Masyarakat kita sekarang ini dituntut bekerja lebih keras lagi daripada sekedar secara internal membangun kelompok-kelompok yang paling dapat memenuhi kepentingan-kepentingan masyarakat secara langsung, seperti partai politik, komunitas keagamaan, masyarakat adat, komunitas bisnis, serikat pekerja, dlsb. Keadaan kelompok, paguyuban dan ormas-ormas itu pada umumnya sekarang masih terpisah-pisah. Masing-masing condong sibuk dengan pemenuhan kepentingan internal. Waktu terserap habis untuk mengurusi kepentingan dapur masing-masing lembaga, lebih daripada berorientasi keluar. Sementara itu, kesulitan ekonomi dan sumberdaya manusia menandai ciri perencanaan strategis dari masing-masing lembaga tersebut.

Dalam keadaan yang masih serba compang-camping itu, apa yang sebenarnya dituntut ketika tantangan keterbukaan ini masih belum kita genggam kuat-kuat dalam tangan? Pertama, mendorong lebih banyak lagi upaya mengorganisasi-kan masyarakat, tapi sekaligus dengan memperkuat dimensi mengaitkan kepentingan internal dengan kepentingan publik di sekitar secara positif dan terbuka. Kedua, membentuk dan menjalin hubungan antarlembaga itu dalam kaitan-kaitan kepentingan yang konkret dan interdependen satu sama lain, malah sejauh mungkin secara kolektif, setidaknya untuk tujuan jangka pendek terlebih dahulu, yaitu memperkuat ketahanan masyarakat madani dari kemungkinan tindak bertujuan pintas, apalagi jika digunakan aksi provokasi.
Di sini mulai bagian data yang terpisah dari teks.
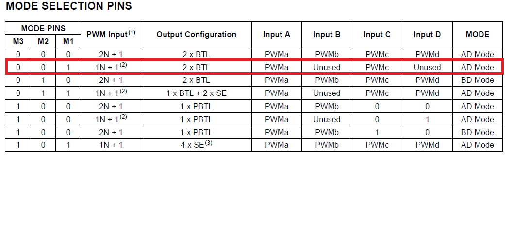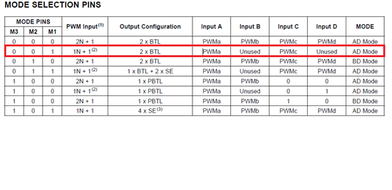 再来看M3M2M1=000或者M3M2M1=010,都是2N+1,BTL的两端分别是PWMa/PWMb;PWMc/PWMd。这样TAS5538设置是AD,TAS5612输出就是AD;TAS5538设置是BD,TAS5612输出就是BD。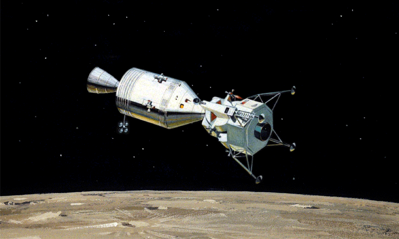 1967ലാണ് അപ്പോളോ യാത്രകൾ തുടങ്ങുന്നത്. അപ്പോളോ 1 പരീക്ഷണത്തിനിടയിൽ തീപിടിച്ച് ലക്ഷ്യം നേടാതെ മൂന്നുയാത്രികർ കൊല്ലപ്പെട്ടു. തുടർന്ന് അപ്പോളോ 2, 3, 4 എന്നിവയിൽ മനുഷ്യർ കയറിയിരുന്നില്ല. 1969 ജൂലൈ 16ന് ഫ്ലോറിഡയിൽനിന്നാണ് അപ്പോളോ 11 വിക്ഷേപിക്കപ്പെട്ടത്. യാത്രികരായി നീൽ ആംസ്ട്രോങ്, എഡ്വിൻ ആൽഡ്രിൻ, മൈക്കൽ കോളിൻസ് എന്നിവർ. ആംസ്ട്രോങ്, ആൽഡ്രിൻ എന്നിവർ ചന്ദ്രനിൽ കാലുകുത്തി. കൊളംബിയ എന്ന നിയന്ത്രണ പേടകത്തിൽ ഈ സമയം കോളിൻസ് ചന്ദ്രനെ പ്രദക്ഷിണംവെച്ചുകൊണ്ടിരുന്നു. ജൂലൈ 24ന് മൂവരും ഭൂമിയിൽ തിരിച്ചെത്തി. അപ്പോളോ 17ഓടുകൂടിയാണ് ഈ പദ്ധതിക്ക് യു.എസ് വിരാമമിട്ടത്.

Kedua hal ini tampaknya sudah kedengaran seperti suatu anjuran yang kuno dan terkesan tak nzamani lagi, ketika politik massa merupakan bagian tak terpisahkan dari demokrasi itu sendiri. Memang inilah salah satu sisi berat dari suatu hal positif yang tiap kali itu juga kita rasakan “kurang menarik” dan “itu-itu juga”, “tak markettable”. Tapi masalahnya adalah harga yang harus dibayar sangatlah tinggi jika terjadi hal-hal yang secara endogen merugikan komunitas-komunitas kita sendiri. Semua ini barulah sekedar “pagar”, atau “pembatas” paling minimal, yang sebenarnya juga belum kita capai secara optimal.
Pengertian masyarakat madani sendiri pun tidaklah cukup hanya condong dimaknai dalam pengertiannya yang “kontroversial”, ketika kita mengartikannya dalam perspektif eksternalnya sebagai penanding kekuatan militer. Namun, saat yang sama tentu saja makna ini tak selayaknya kita abaikan dan kita singkirkan. Justru sebaliknya tetap semestinya menjadi dasar utama. Kita tak bisa melupakan bahwa gerakan anti-militer telah mendorong dan tampaknya masih tetap akan terus memotivasi bangkitnya masyarakat madani.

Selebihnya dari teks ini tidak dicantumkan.